Yakoob on 5/10/2017 at 21:13
Thanks :D Fixed the typos, will be in next release!
Yakoob on 12/10/2017 at 19:42
Some reaction videos from Geek Girl Con. It's good to see players arguing over the themes you wanted them to argue over :)
[video=youtube_share;kG2vLbY_g7k]https://youtu.be/kG2vLbY_g7k[/video]
Thirith on 11/11/2017 at 11:30
I played it yesterday; neat game with cool ideas! One thing that didn't work that well for me, although that'd probably be difficult to avoid: I chose not to have a clear, one-sided agenda, which resulted in me being told that the newspaper wasn't really read all that widely and therefore it wasn't particularly influential - so I felt little to no responsibility for the things that happened (primarily: one national star being killed).
Yakoob on 12/11/2017 at 05:35
Thanks for checking it out :) That's a hard thing to avoid - if I just made nothing happen, then people would feel bored without any sense of progress. Though there is a possibility of just having a good festival with nothing bad happening, but you need to be really careful about being balanced.
I've been working on a new episode, and taking all the feedback into consideration.
Thirith on 12/11/2017 at 09:53
You've probably thought about this before, but you could try pushing the message in your narrative that if you're too balanced, you're responsible for what is happening by *not* doing more. I think that especially the daughter character could be used to do this: she could berate you for your comfortable neutrality in the face of people's rights being abused. And/or you could actually up the pressure on the player character by making it possible that he's fired or at least demoted before the week is over, and then you'd see the results of someone else choosing a more extreme approach in the position that was once yours. I kinda like that idea, although it would of course mean quite a big change.
Yakoob on 13/11/2017 at 05:41
Oooh I like that, definitely gonna incorporate NPCs nagging you a bit more. You can actually get fired in HEADLINER, but not until the last day. But I have a hunch most gamers would feel "cheated" if they got fired early and saw what some AI did instead of them.
Thirith on 13/11/2017 at 06:33
I could imagine something like the following:
1) You get demoted before the end of the week and you spend the last 1-2 days doing the headliner thing with utterly inane, irrelevant articles ("Try the 10 day transgenic tomato diet!" vs. "Is your man secretly a Purist?") in a smaller, crappier office).
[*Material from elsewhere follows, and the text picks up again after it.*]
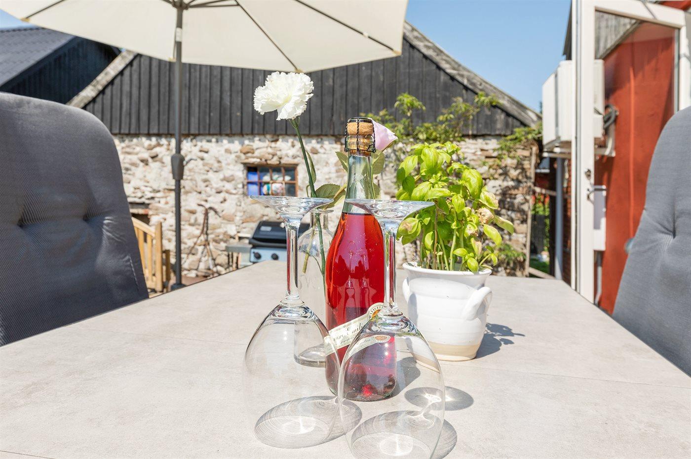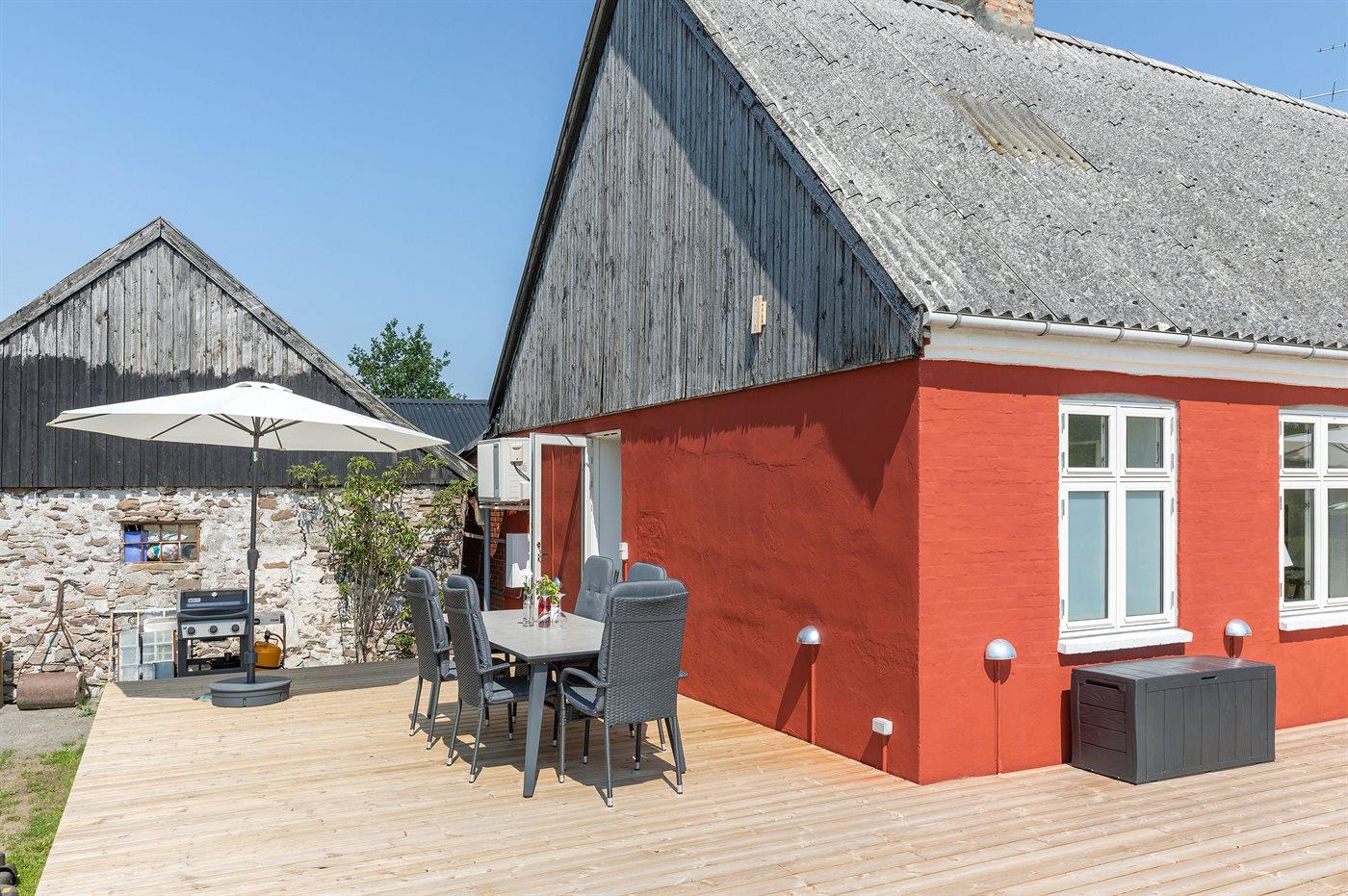 Man får en god fornemmelse af denne lille landbrugsejendom i tidligere tider, når man går over den fælles gårdsplads til det pænt delvis renoverede stuehus, hvor der i 2020 er tilført en fantastisk hævet træterrasse. På grunden er det muligt at leje 3 yderligere ferielejligheder (95-2557, 95-2558 og 95-2564) - alle med separat indhegnet grund.

Same gameplay loop, but the game tells you in very clear terms that you chose to be irrelevant, so here you are, making irrelevant choices.
2) You get outright fired and you spend the last 1-2 days at home or wandering the streets, and you get a copy of the paper you used to work for; you then pick and choose which of the wildly one-sided articles you read, in a variation of the same interface.
While these options would strip your choices of their consequences, I think that this would be more in keeping with the themes of Headliner (will you use the power of propaganda, and if so, how?) - and to that end, I think you may need to be willing to frustrate your players. As it is now, I ended up with the game telling me two contradictory thing, namely that I was causing the paper to become irrelevant because no one reads it, and that I'm partly responsible for what happens because my choice of headlines influences opinions out there. Personally I'd gladly be 'cheated' out of agency by the game if that's the price for the game being more logically consistent in this respect.
Just brainstorming here; don't worry, I don't expect you to implement any of this, but if any of the ideas spark something off at your end, all the better. :-)
Yakoob on 13/11/2017 at 22:12
Mmm the way you describe it could indeed be very powerful. It's like the poem "First they came for the Socialists, and I did not speak out..."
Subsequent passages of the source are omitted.